Sperm motility hinges on the energy obtained through ATP hydrolysis, which is facilitated by mitochondria located in the sperm’s intermediate piece. Sperm cells acquire their energy from two main pathways: OXPHOS and glycolysis. In the case of bovine sperm, OXPHOS appears to be favored over glycolysis [28,29,30]. After capacitation, UA increased ATP levels in a dose-dependent manner (p ≤ 0.01) (Figure 4G), when compared to the control group (control = 100.0 ± 26.6; CAP1 = 104.1 ± 6.9; and CAP10 = 304.4 ± 36.9). In addition, spermatozoa from bull A produced the highest level of ATP (p < 0.001, Figure 4H). Also, a different response of spermatozoa to UA per bull was shown (Figure 4I) being the highest levels of ATP identified in bull A.

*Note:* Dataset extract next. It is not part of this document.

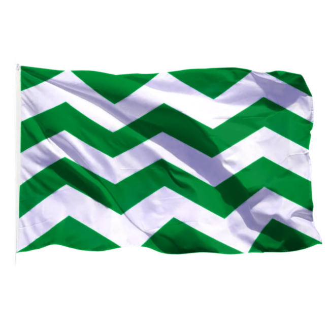 Ontwerp met groen-witte gekartelde banen, symbool voor kassen en het Westlandse wapen

3.5. Effect of UA and Bull on Embryo Production Rates and Quality
The results obtained after the supplementation of UA to the CAP medium and/or to the FERT medium are represented in Figure 5. This supplementation did not present a significant influence on the embryo cleavage (p ≥ 0.05) and D7/8 embryo production rates (p ≥ 0.05) (Figure 5A). In addition, the number of produced embryos (Figure 5, above bars) were 36 in the CAPcontrol × FERTcontrol group and 48 and 44 in the CAPcontrol × FERT1 and CAPcontrol × FERT10 groups, respectively. No significant differences (p ≥ 0.05) were observed in the quality rates of the produced embryos.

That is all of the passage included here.